En discutant avec eux, les élèves du YCBM sont unanimes pour décrier les conditions médiocres dans lesquelles ils sont contraints à vivre pendant leurs études. Je les comprends parfaitement. Ils vivent tous sur le campus, coincés dans des dortoirs à quatre lits. Leurs toilettes communes sont probablement aussi immondes que celles des pavillons d’enseignement : un caniveau séparé par de petits murets (offrant un minimum d’intimité) dans lequel s’accumulent les pipis-cacas de la journée. Ils ne peuvent pas cuisiner dans leurs dortoirs alors ils mangent matin, midi et soir dans les cafétérias de l’école, dont ils disent que la bouffe est dégueu. Ils vont sans doute de temps en temps dans les nombreux petits bouis-bouis et stands de rue qui entourent l’école.

Le quartier où se trouve le collège ne les enchante pas plus que nous (voir l’article Haitun Lu, septembre 2007). Ils rêvent tous de vivre au centre-ville de Kunming.

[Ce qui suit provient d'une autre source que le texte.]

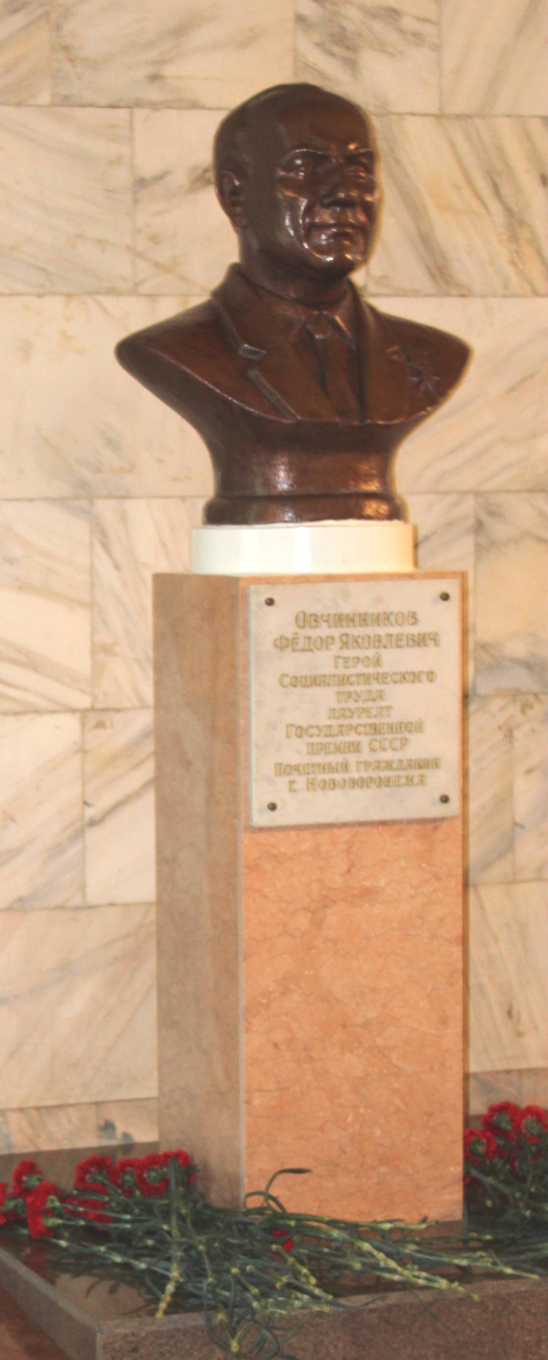 Ovchinnikov Fedor Yakovlevich Memorial ; Bust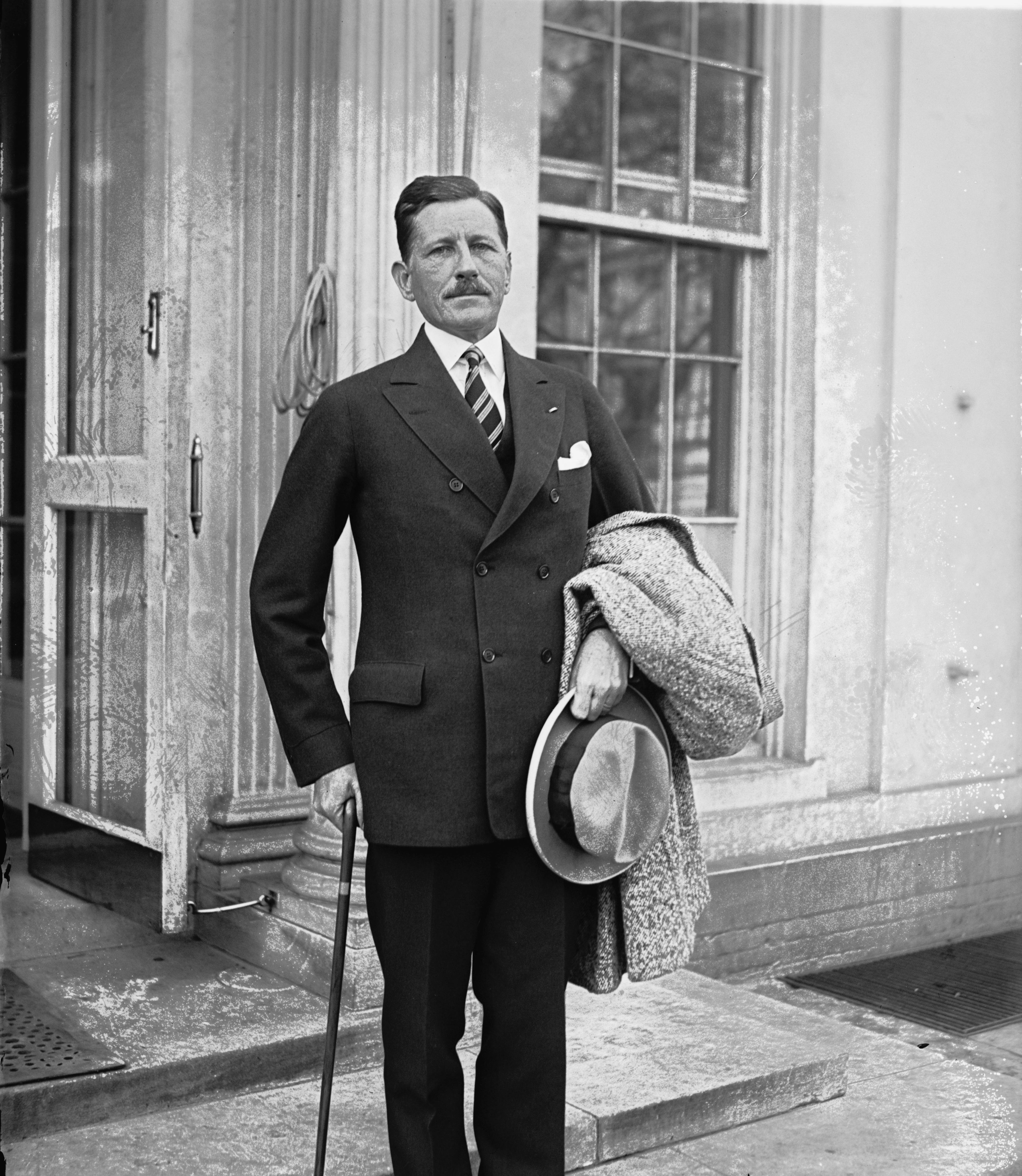 Patrick Jay Hurley

Les journées sont longues pour les étudiants : dès 6 h 30, ils sont dehors à faire des exercices dans la cour au son d’une musique tonitruante. Ils ont des cours de 8 h à 18 h, avec une pause de 3 h le midi. Et le soir, ils doivent aller étudier en classe jusqu’à 21 h. Ça explique sans doute pourquoi ils ont si peu d’enthousiasme pendant les cours.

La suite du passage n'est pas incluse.